§ **Task instructions**
Restate the data below word for word. Leave the images out.

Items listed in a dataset
* * * * * * *

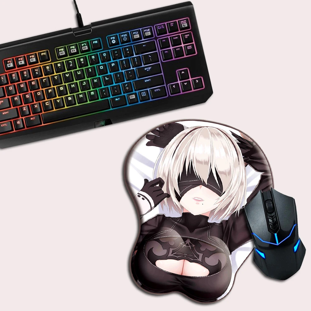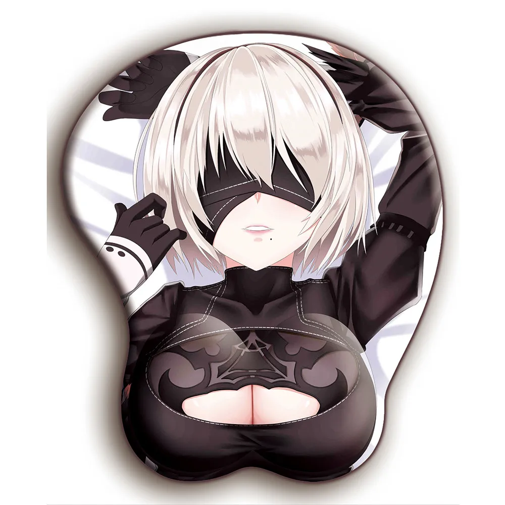 FFFAS NieR:Automata 2B игровой 3D коврик для мыши с нижней частью груди, коврик для мыши с силиконовым гелем, Размер подставки для запястья, помогающий переносить коврик для мыши
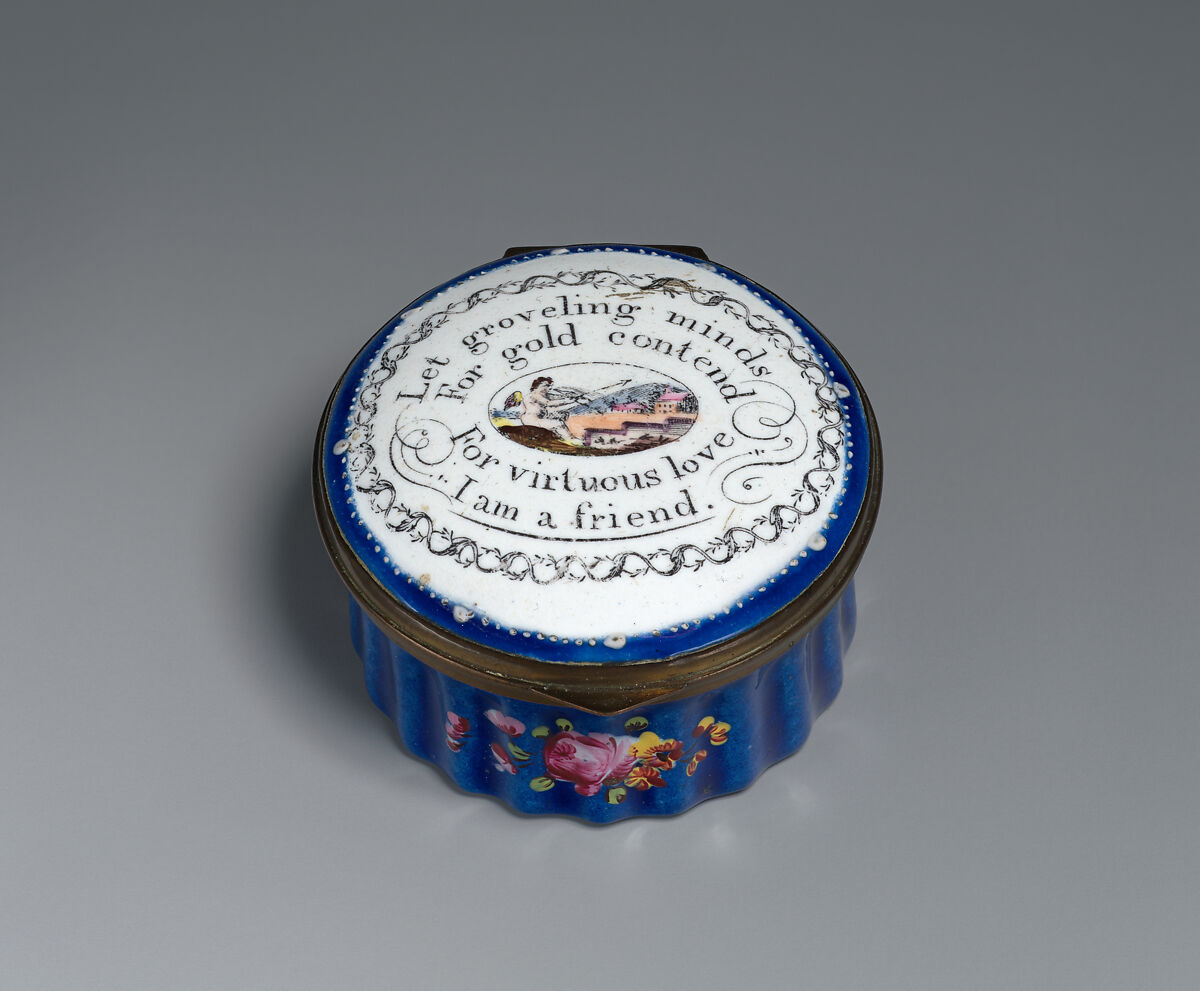 Enameled objects like this one, intended to imitate the lustrous quality of porcelain, were among the more affordable goods sold at toyshops across London and in fashionable English resort towns. Though often called "Battersea enamels" in common parlance (referring to the manufactory at York House, Battersea, operating only between 1753 and 1756), we rarely know exactly where individual pieces were made. The main centers of enamel production were in London, South Staffordshire (particularly in Bilston and Wednesbury), and Birmingham.
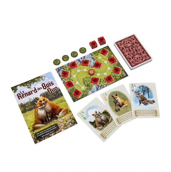 Le Renard des Bois: Duo est un jeu de plis coopératif à communication restreinte pour deux joueurs. Pour remporter la partie, ramassez ensemble toutes les gemmes sur le sentier forestier. Sans se parler, les coéquipiers doivent trouver le bon tempo des 11 plis à remporter ou à laisser, afin que le marqueur d’équipe se déplace sur les bonnes cases Gemme. Mais vous n’avez que trois manches pour y arriver ! Les cartes impaires offrent un pouvoir pour maîtriser vos déplacements d’un bout à l’autre du plateau Forêt. Et si le marqueur sort du sentier, le chemin se réduit et il sera de plus en plus difficile de ne pas se perdre dans les bois, à la merci des fées…
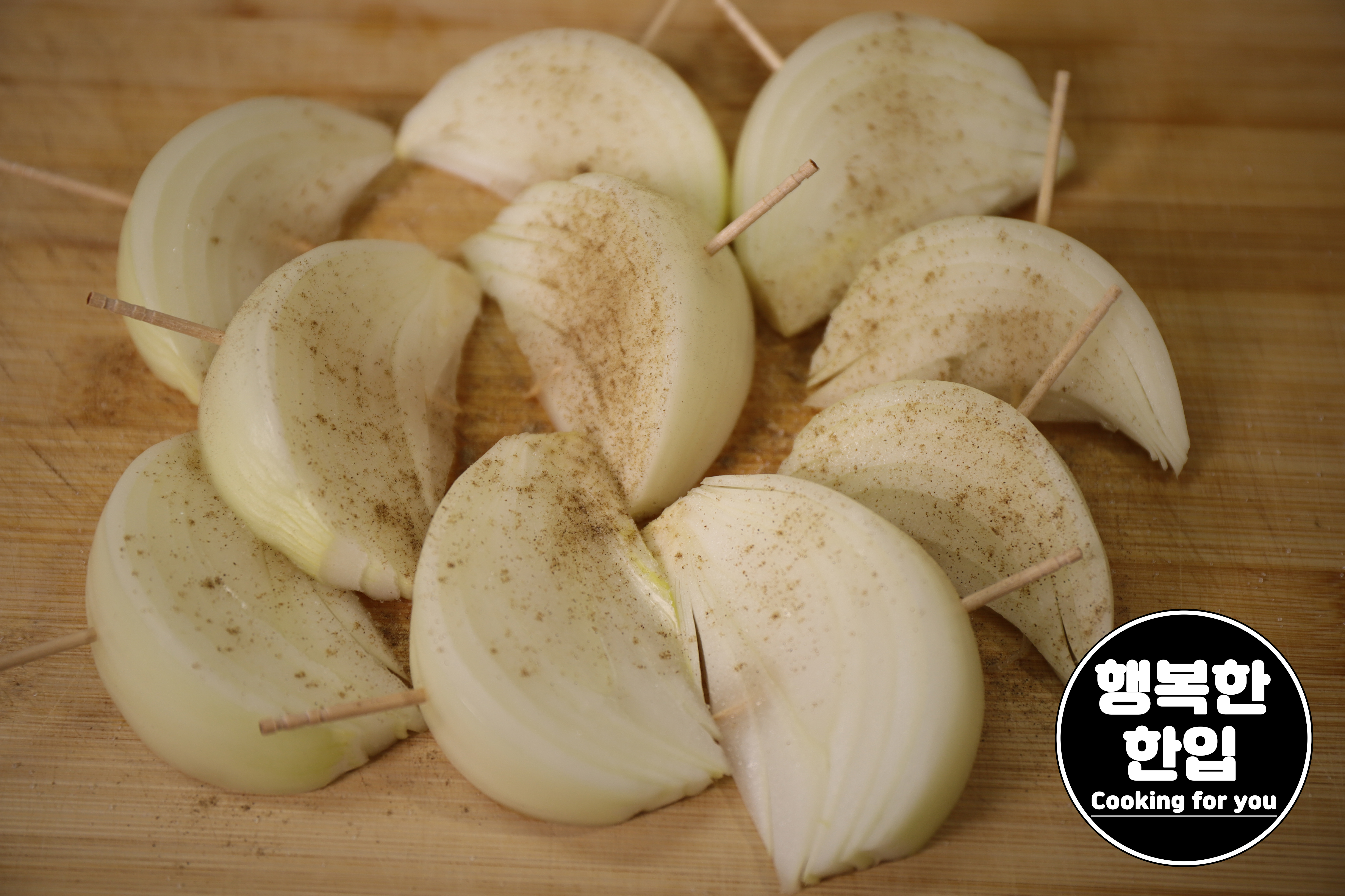 이렇게 하면 양파가 떨어지지 않아 굽기도 수월하고 먹을때도 편리합니다.
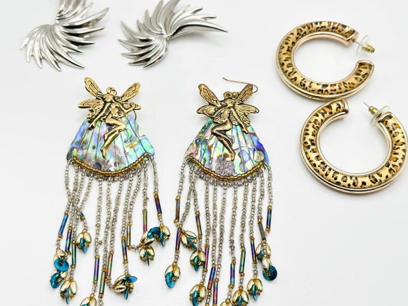LARGE FAIRY EARRINGS ST WITH DANGLES AND OTHR 2 SETS

* * * * * * *

§ **Result of this exercise**
 FFFAS NieR:Automata 2B игровой 3D коврик для мыши с нижней частью груди, коврик для мыши с силиконовым гелем, Размер подставки для запястья, помогающий переносить коврик для мыши
 Enameled objects like this one, intended to imitate the lustrous quality of porcelain, were among the more affordable goods sold at toyshops across London and in fashionable English resort towns. Though often called "Battersea enamels" in common parlance (referring to the manufactory at York House, Battersea, operating only between 1753 and 1756), we rarely know exactly where individual pieces were made. The main centers of enamel production were in London, South Staffordshire (particularly in Bilston and Wednesbury), and Birmingham.
 Le Renard des Bois: Duo est un jeu de plis coopératif à communication restreinte pour deux joueurs. Pour remporter la partie, ramassez ensemble toutes les gemmes sur le sentier forestier. Sans se parler, les coéquipiers doivent trouver le bon tempo des 11 plis à remporter ou à laisser, afin que le marqueur d’équipe se déplace sur les bonnes cases Gemme. Mais vous n’avez que trois manches pour y arriver ! Les cartes impaires offrent un pouvoir pour maîtriser vos déplacements d’un bout à l’autre du plateau Forêt. Et si le marqueur sort du sentier, le chemin se réduit et il sera de plus en plus difficile de ne pas se perdre dans les bois, à la merci des fées…
 이렇게 하면 양파가 떨어지지 않아 굽기도 수월하고 먹을때도 편리합니다.
LARGE FAIRY EARRINGS ST WITH DANGLES AND OTHR 2 SETS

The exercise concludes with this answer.